Sure! Here is the minimal code snippet up to the error: link
Initially, I installed version 4.31.0 of transformers
as specified in the requirements.txt
file. This resulted in a KeyError when trying to load the visual search model and processor using AutoProcessor.from_pretrained
with the URL craigwu/seal_vsm_7b
. This error suggests that the necessary configuration files (config.json
and tokenizer_config.json
) are missing or incorrectly structured in the specified repository, preventing proper model instantiation.
To resolve the KeyError, I updated transformers
to the latest version (4.41.2). However, this led to a new error indicating that the preprocessor_config.json
file is missing from the craigwu/seal_vsm_7b
repository when attempting to download the necessary configuration files during code execution.

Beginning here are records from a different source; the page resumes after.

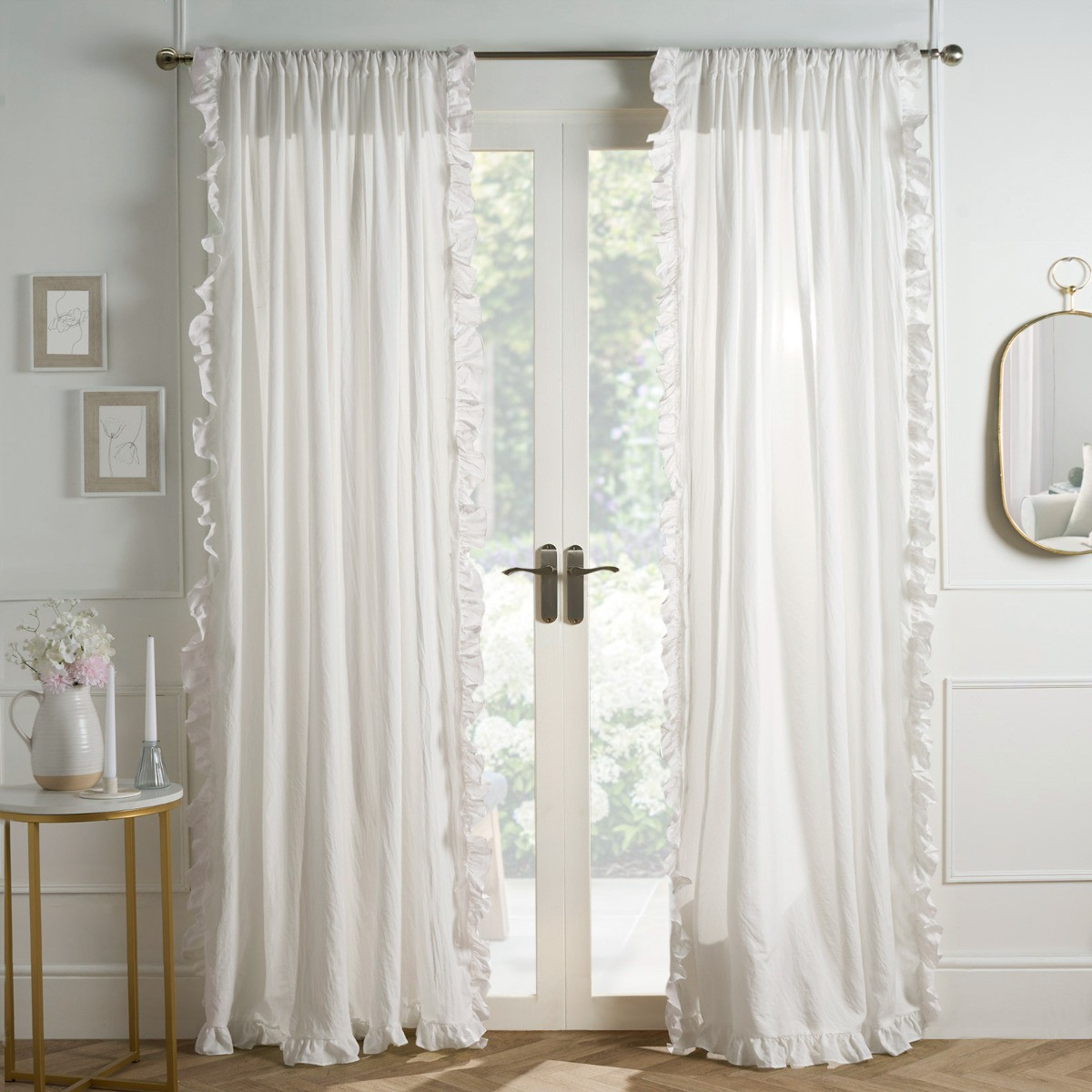 Add a touch of elegance and charm to any room with the OHS Frill Voile Curtains. Featuring a delicate frill trim along the edges, these voile curtains offer a soft, romantic feel while allowing gentle light to filter through. Perfect for creating an airy, sophisticated atmosphere, the slot top design makes hanging effortless, ensuring a graceful drape in any space.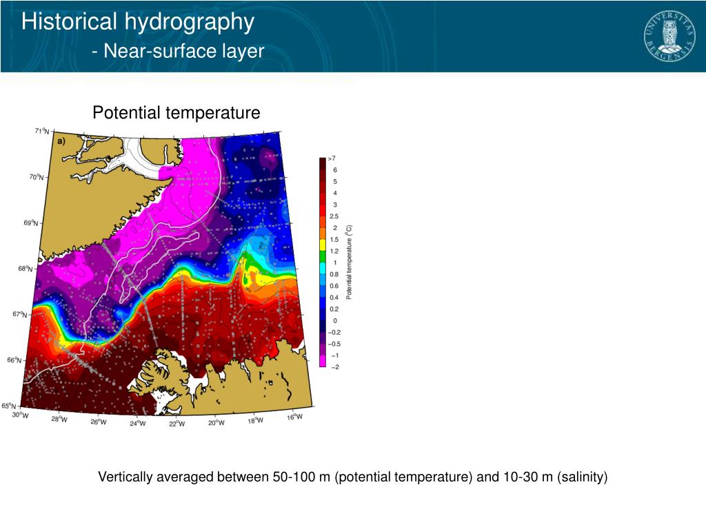 Historical hydrography - Near-surface layer Potential temperature Salinity Vertically averaged between 50-100 m (potential temperature) and 10-30 m (salinity)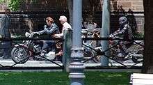 While shooting War of the Worlds in late 2004, Spielberg met with stunt coordinator Vic Armstrong, who doubled for Ford in the previous films, to discuss three action sequences he had envisioned.[58] However, Armstrong was filming The Mummy: Tomb of the Dragon Emperor during shooting of Kingdom of the Crystal Skull, so Dan Bradley was hired instead.[59] Bradley and Spielberg used previsualization for all the action scenes, except the motorcycle chase at Marshall College, because that idea was conceived after the animators had left. Bradley drew traditional storyboards instead, and was given free rein to create dramatic moments, just as Raiders of the Lost Ark second unit director Michael D. Moore did when filming the truck chase.[14] Spielberg improvised on set, changing the location of Mutt and Spalko's duel from the ground to on top of vehicles.[4]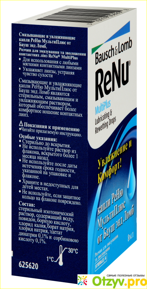 Почитала информацию в интернете, выбрала для себя по отзывам пользователей Капли для глаз Bausch&Lomb ReNu MultiPlus. У них первое и прямое назначение - это применение при использовании контактных линз. Но также можно и капать глаза при переутомлении и сухости.

If possible, I would greatly appreciate any guidance on which code to execute to input an image along with a prompt to find an object, and output the coordinates of the bounding box of the found object. I believe it should be vstar/visual_search.py
or one of the classes in vstar/VisualSearch/model/VSM.py
. I apologize if my question is basic or unclear. I am new to this field but found your work fascinating and decided to explore further to evaluate the capabilities of this mechanism on different types of images.
Thanks for providing your information. For your case, you only need the visual_search.py
. To load the visual search model, you can refer to visual_search.py
. In this script, we initialize a class VSM
where the vsm_tokenizer
and vsm_model
are initialized. And the main
function in this script just shows how to use it for visual search given an image and an object name.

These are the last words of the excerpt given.